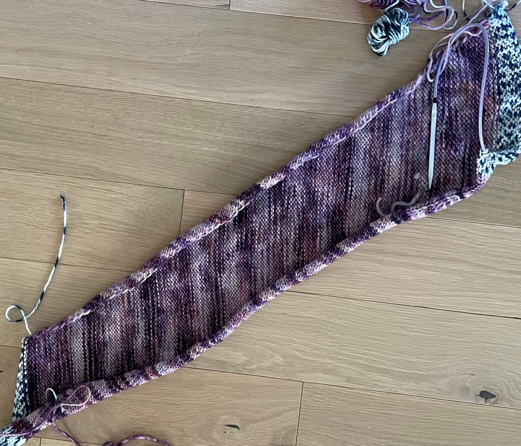 It did not take long at all to re hang the side of the sweater on the machine and knit on the sleeve over again.
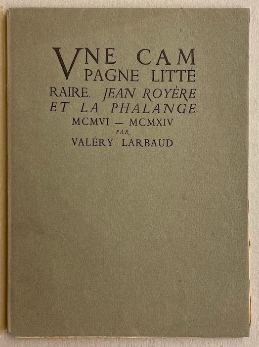 LARBAUD (Valery) Une campagne littéraire. Jean Royère et la Phalange MCMVI - MCMXIV Paris, Camille Bloch, 1927.
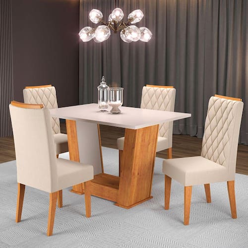 O(a) Mesa de Jantar 4 Lugares Squash Marrom/Blonde/Nude - Viero Móveis é produzido em MDF e MDP na escala de brilho Semi-Brilho, e possui um grau de dificuldade de montagem: Médio.
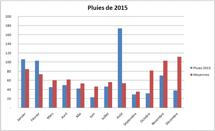 Précipitations totales sur le mois : 174.4 mm (16 jours>1 mm)
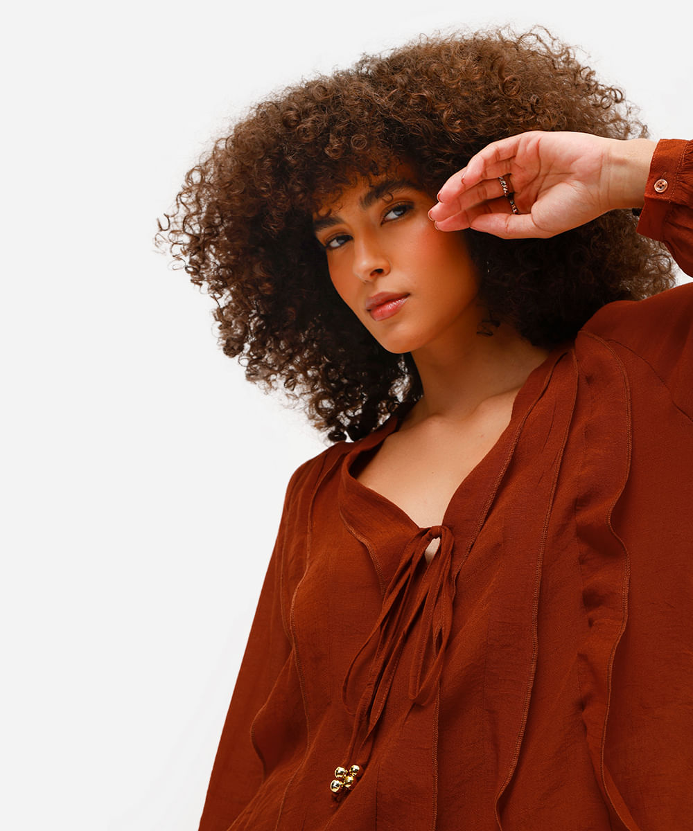 bata feminina com babados texturizada marrom
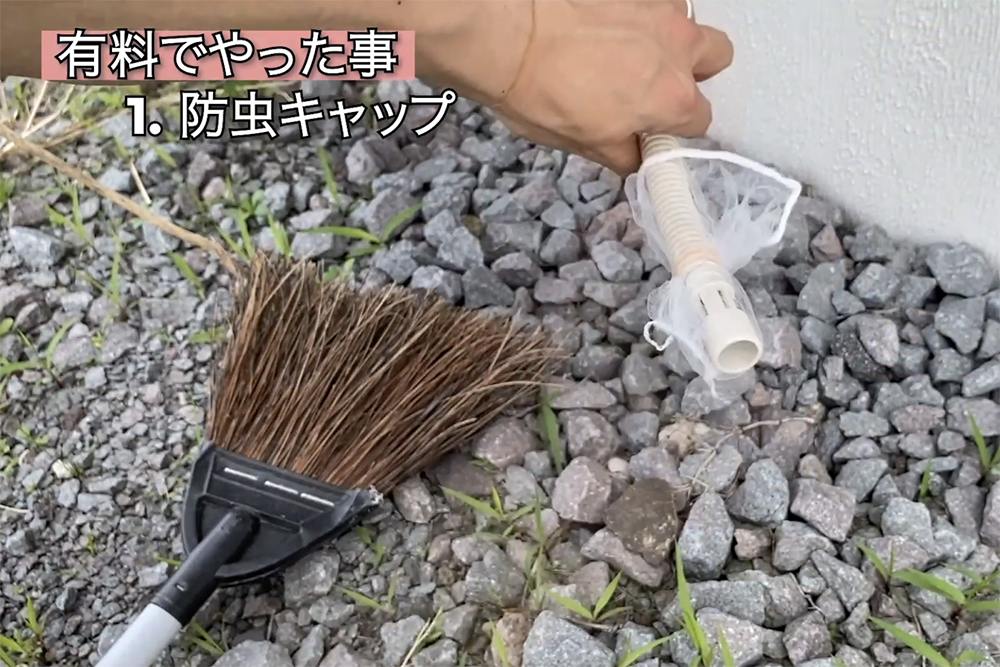 エアコンの排水ホースに取り付ける防虫キャップの上からさらに排水溝ネットを被せることで、より強力な虫対策に。
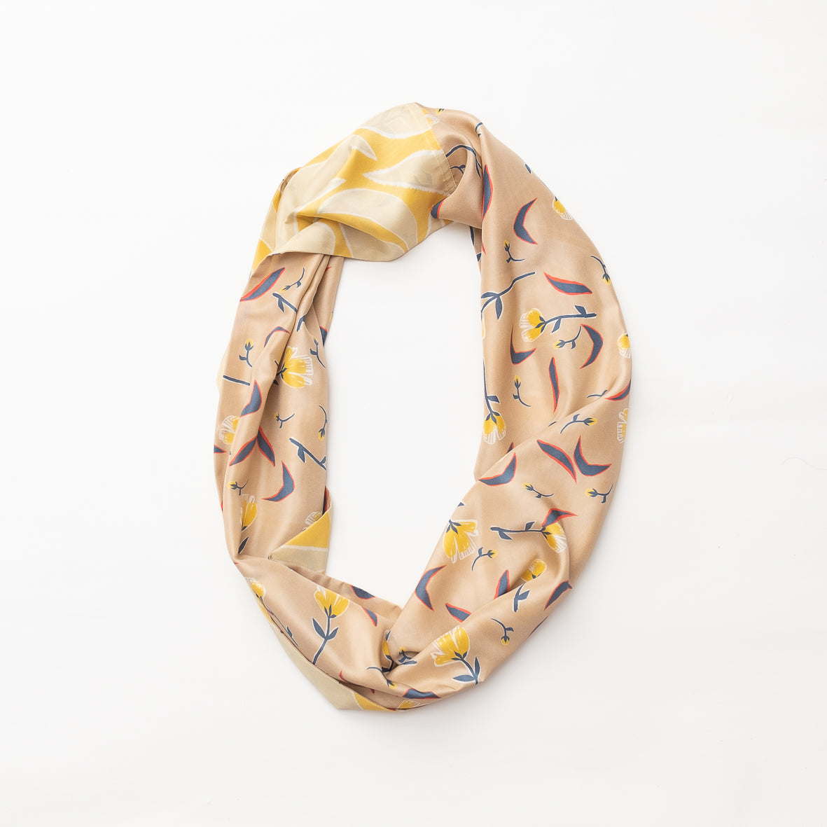表と裏、違う柄が組み合わさった、上品な艶のシルクのループスカーフ(スヌード)。シルクなので、夏以外の3シーズン使って頂けます。
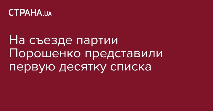 Первую десятку возглавит лидер партии Петр Порошенко. Второй номер - председатель Верховной Рады Андрей Парубий. Третьим номером – первый заместитель председателя Верховной Рады Ирина Геращенко, четвертым - командующий десантно-штурмовых войск ВСУ генерал-лейтенант Михаил Забродский, пятым - певица и волонтер София Федина, шестым - лидер крымскотатарского народа Мустафа Джемилев, седьмой номер - командир медицинского батальона "Госпитальеры" Яна Зинкевич, восьмой - бывший глава Львовской ОГА Олег Синютка, девятый номер - заместитель председателя Меджлиса Ахтем Чийгоз, десятый - вице-премьер Иванна Климпуш-Цинцадзе.
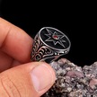 Agakulche Gümüş Erkek Kırmızı Taşlı Damask Desen Yüzük Gümüş
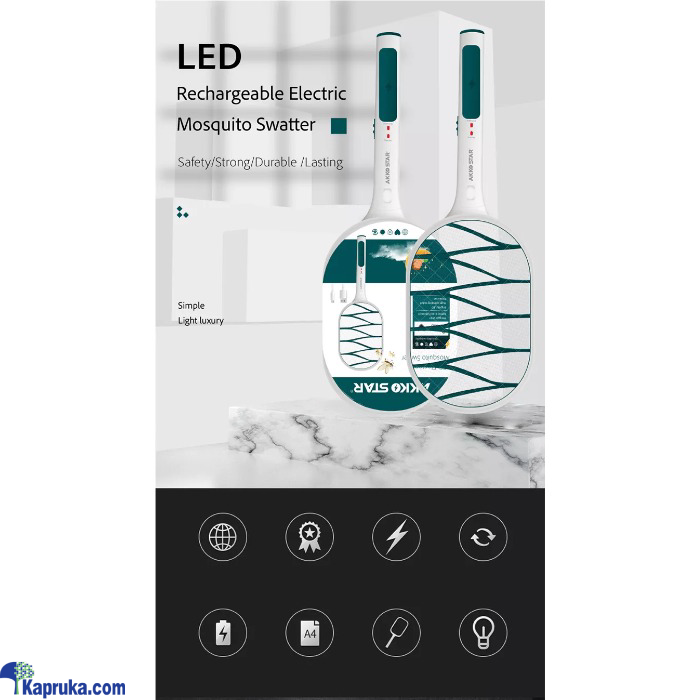 The Akko Star Electric Mosquito Swatter is rechargeable, making it convenient for repeated use without the need for replacing batteries.
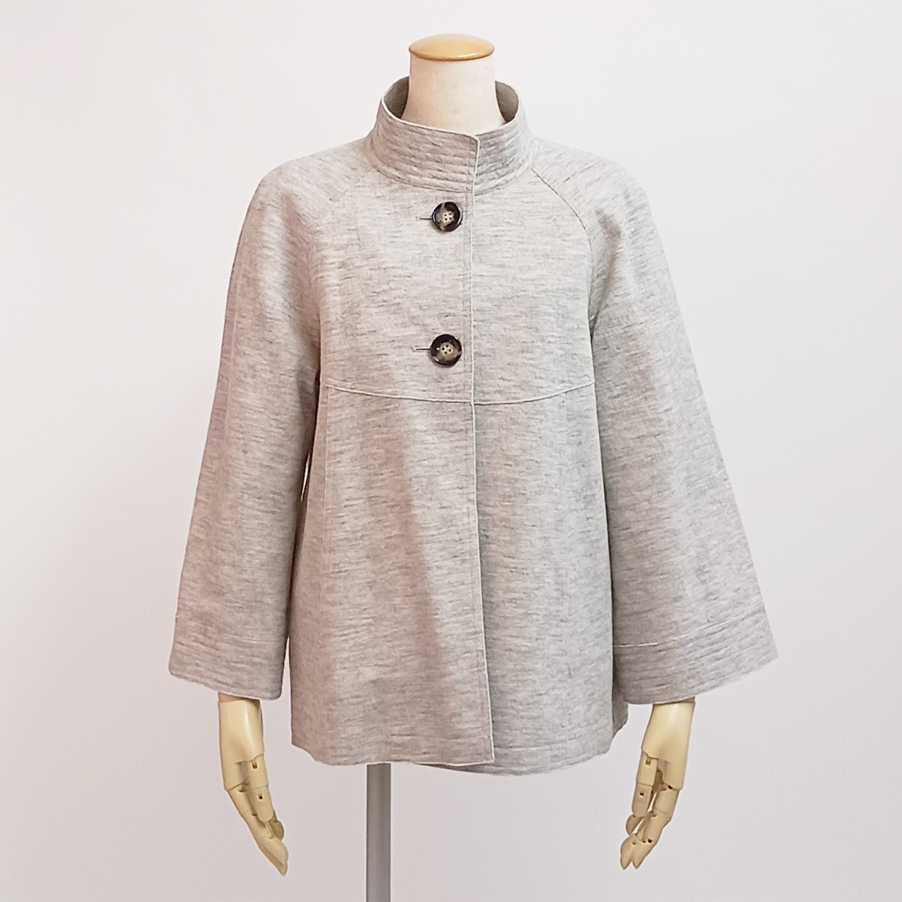 圧縮ニット素材を使用しており、程よい厚みを持ちながらも、軽くやわらかい着心地を実現しています。ジャケットとショートコートの良いとこ取り。Aラインのシルエットが女性らしい印象を引き立てます。スタンドカラーと広がった袖がポイントとなっており、カジュアルから少しドレッシーなシーンまで幅広く対応できるアイテムです。これ一枚で、スタイリッシュなコーディネートが簡単に完成します!
---------------
### What to do
Repeat all of the entries above exactly. Keep pictures out of it.

### Solution to this exercise
 It did not take long at all to re hang the side of the sweater on the machine and knit on the sleeve over again.
 LARBAUD (Valery) Une campagne littéraire. Jean Royère et la Phalange MCMVI - MCMXIV Paris, Camille Bloch, 1927.
 O(a) Mesa de Jantar 4 Lugares Squash Marrom/Blonde/Nude - Viero Móveis é produzido em MDF e MDP na escala de brilho Semi-Brilho, e possui um grau de dificuldade de montagem: Médio.
 Précipitations totales sur le mois : 174.4 mm (16 jours>1 mm)
 bata feminina com babados texturizada marrom
 エアコンの排水ホースに取り付ける防虫キャップの上からさらに排水溝ネットを被せることで、より強力な虫対策に。
表と裏、違う柄が組み合わさった、上品な艶のシルクのループスカーフ(スヌード)。シルクなので、夏以外の3シーズン使って頂けます。
 Первую десятку возглавит лидер партии Петр Порошенко. Второй номер - председатель Верховной Рады Андрей Парубий. Третьим номером – первый заместитель председателя Верховной Рады Ирина Геращенко, четвертым - командующий десантно-штурмовых войск ВСУ генерал-лейтенант Михаил Забродский, пятым - певица и волонтер София Федина, шестым - лидер крымскотатарского народа Мустафа Джемилев, седьмой номер - командир медицинского батальона "Госпитальеры" Яна Зинкевич, восьмой - бывший глава Львовской ОГА Олег Синютка, девятый номер - заместитель председателя Меджлиса Ахтем Чийгоз, десятый - вице-премьер Иванна Климпуш-Цинцадзе.
 Agakulche Gümüş Erkek Kırmızı Taşlı Damask Desen Yüzük Gümüş
 The Akko Star Electric Mosquito Swatter is rechargeable, making it convenient for repeated use without the need for replacing batteries.
 圧縮ニット素材を使用しており、程よい厚みを持ちながらも、軽くやわらかい着心地を実現しています。ジャケットとショートコートの良いとこ取り。Aラインのシルエットが女性らしい印象を引き立てます。スタンドカラーと広がった袖がポイントとなっており、カジュアルから少しドレッシーなシーンまで幅広く対応できるアイテムです。これ一枚で、スタイリッシュなコーディネートが簡単に完成します!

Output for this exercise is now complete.